### Source data
↓↓↓

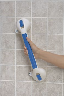"Fácil de montar y desmontar. Su cubierta proporciona mayor agarre y comodidad para manos delicadas. Altura sobre el lado del baño de 26.67 cm. Abrazadera se ajusta a un ancho de 6.35 cm – 13.97 cm. "
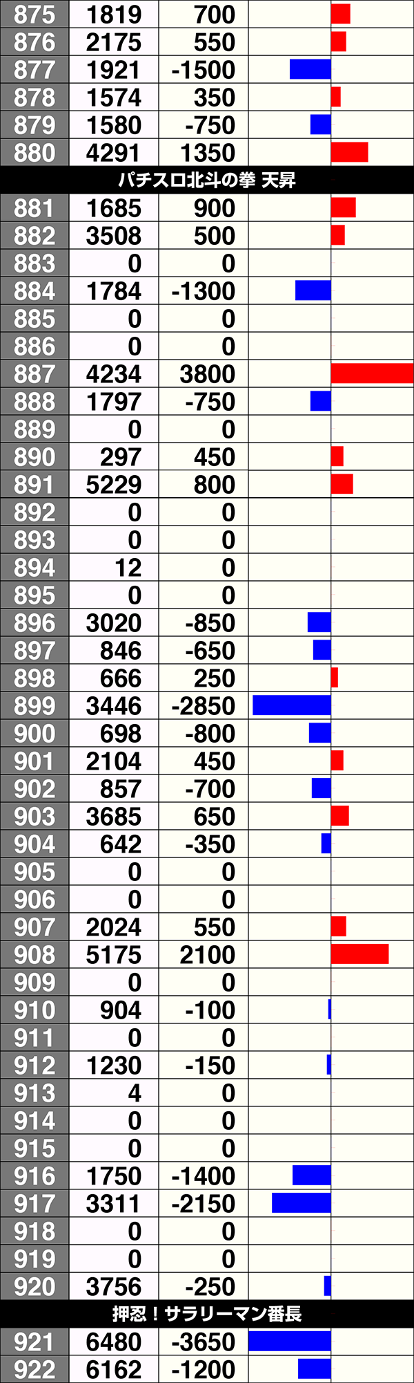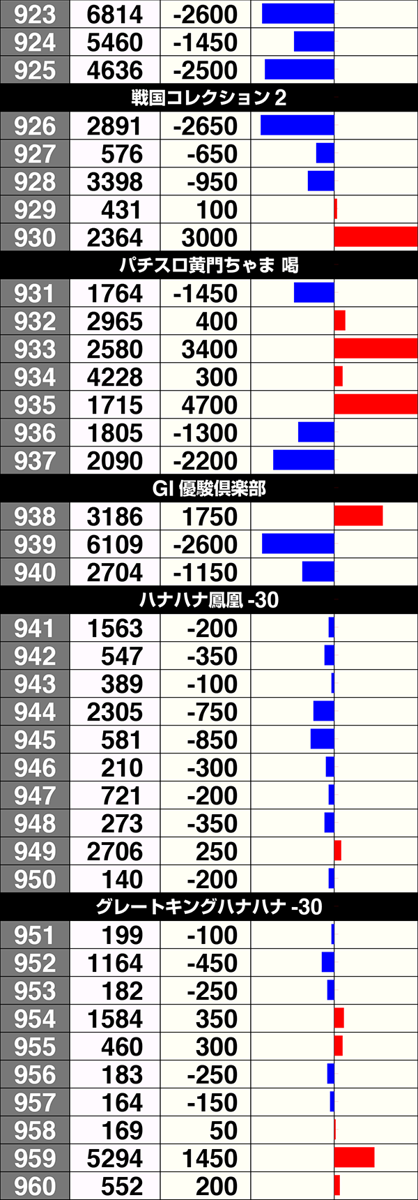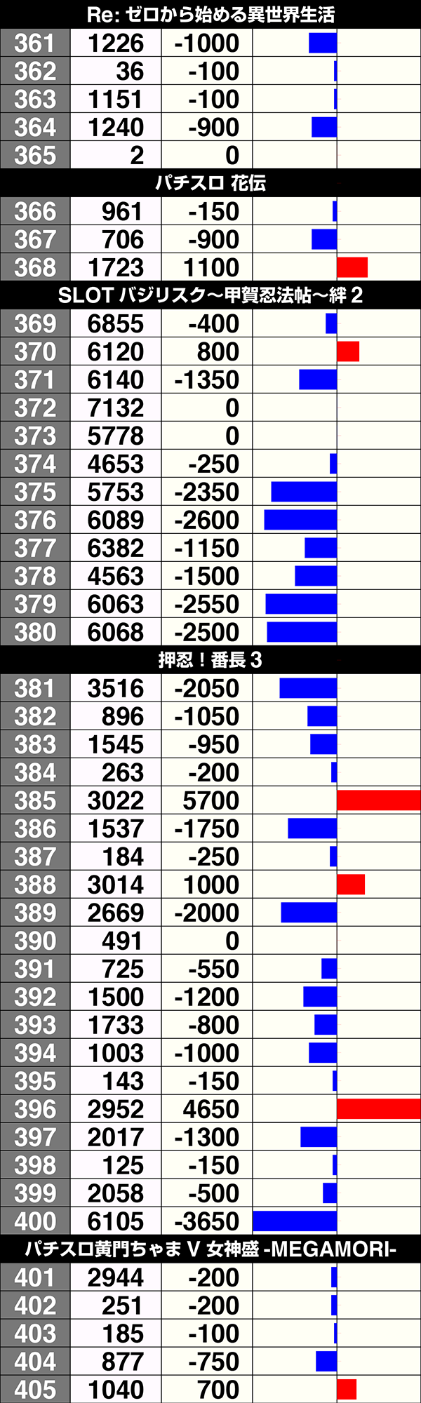 『押忍!番長3』では2台が4000ptオーバー、『プレミアムビンゴ』には5000ptを超える台があった。
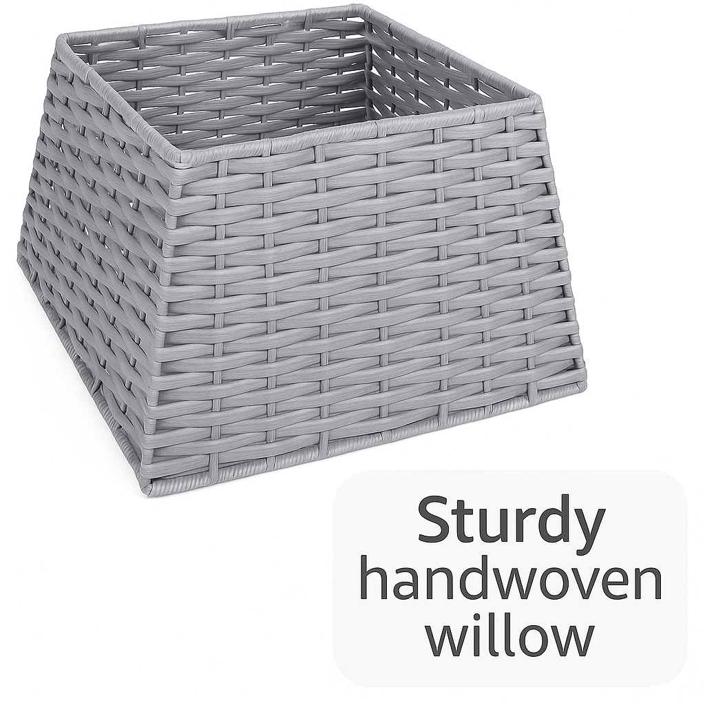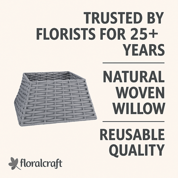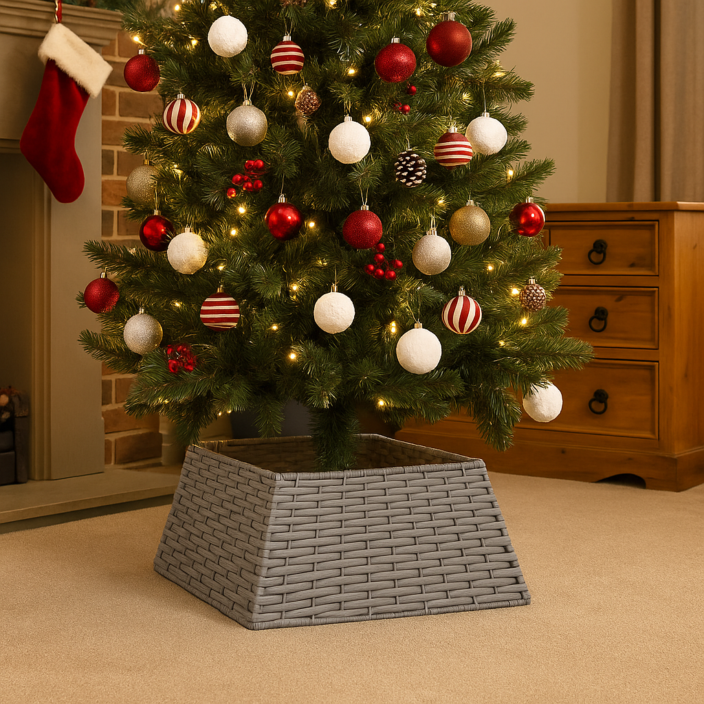Floralcraft® grey square Christmas tree skirt — 35×35 cm top, 50×50 cm base, 28 cm high. A modern wicker collar to hide your tree stand.

↑↑↑

### Brief
The reply has to reproduce every line above verbatim and contain no pictures.

### The completed task
"Fácil de montar y desmontar. Su cubierta proporciona mayor agarre y comodidad para manos delicadas. Altura sobre el lado del baño de 26.67 cm. Abrazadera se ajusta a un ancho de 6.35 cm – 13.97 cm. "
 『押忍!番長3』では2台が4000ptオーバー、『プレミアムビンゴ』には5000ptを超える台があった。
Floralcraft® grey square Christmas tree skirt — 35×35 cm top, 50×50 cm base, 28 cm high. A modern wicker collar to hide your tree stand.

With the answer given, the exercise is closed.